Además de desempeñar una labor propiamente legislativa y presupuestaria, el Parlamento Europeo juega un papel clave en el equilibrio de poderes en la Unión Europea y en particular de control de la Comisión Europea, principal órgano ejecutivo de la Unión. Se puede decir que la legitimidad democrática de la Comisión Europea proviene en parte del Parlamento Europeo y por ende de los ciudadanos europeos, recordando así el papel desempeñado por los Parlamentos nacionales en las democracias europeas. Desde las últimas elecciones europeas de 2014 y de la reforma introducida por el Tratado de Lisboa, el Consejo Europeo, formado por los jefes de Estado y de Gobierno de los Estados miembros, debe tener en cuenta los resultados en las elecciones europeas para proponer el/la candidato/a a presidir la Comisión Europea. A fin de cuentas, significa que el/la presidente/a de la Comisión Europea debe su elección a lo que han decidido los ciudadanos europeos. Significa que, con su voto, los ciudadanos europeos deciden si prefieren ver un/a presidente/a conservador, liberal, social-demócrata o de cualquier otro color político al frente de la Comisión Europea.

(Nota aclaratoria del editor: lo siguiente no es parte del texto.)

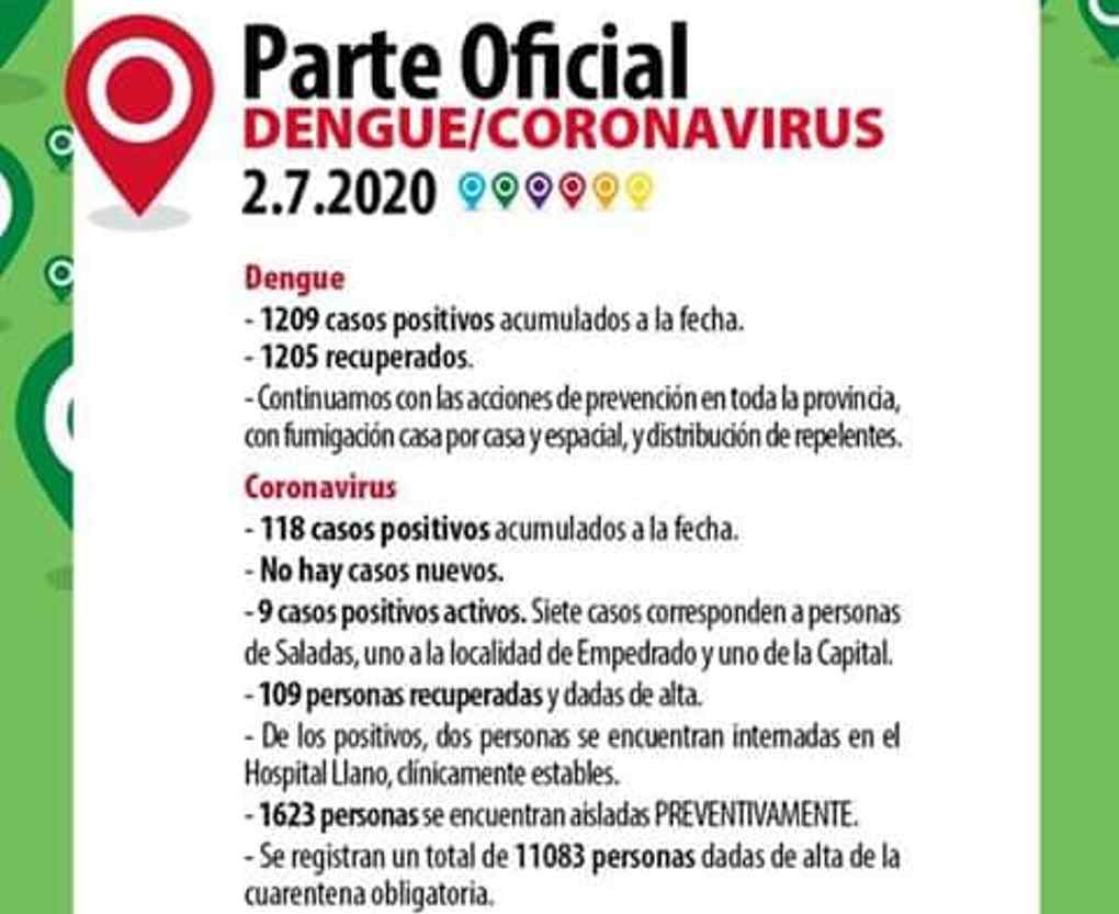 Hay 9 casos activos, siete corresponden a la localidad de Saladas, una de Empedrado y una de la capital correntina, de los positivos dos personas se encuentran internadas en el Hospital Llano, clínicamente estable..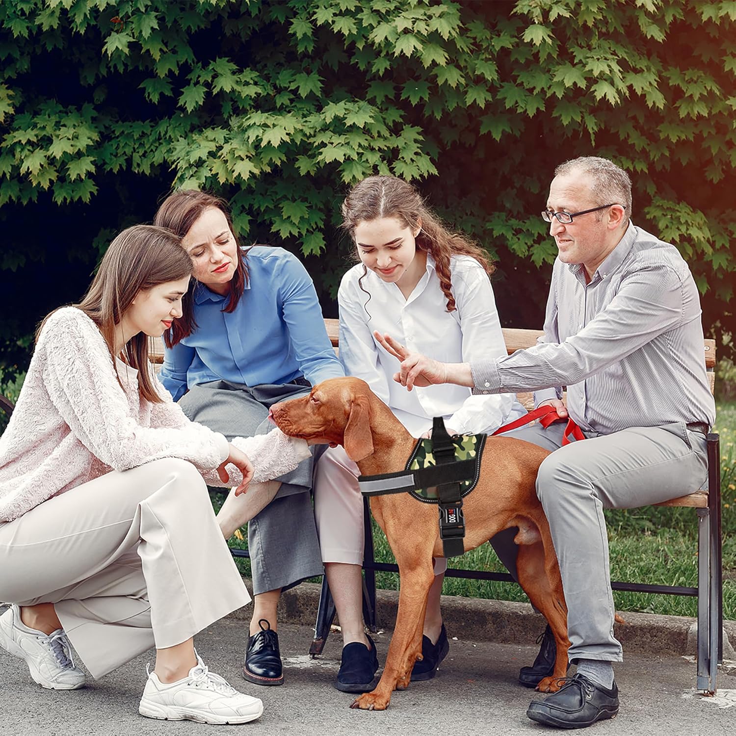 Dogline Dog Harness, Reflective No-Pull Adjustable Vest with Handle for Walking, Training, Breathable, No - Choke Harness for Small, Medium or Large Dogs Room for Patches Girth 22"-28" in Green Camo

Las próximas elecciones europeas representan, sin lugar a dudas, un momento importante para los ciudadanos europeos porque es la única ocasión que tienen de expresar, a través de la elección de una institución clave, tanto su apoyo a la Unión Europea como su rechazo. Deben ser conscientes de ello tanto los propios ciudadanos como los líderes políticos. No nos olvidemos del Parlamento Europeo.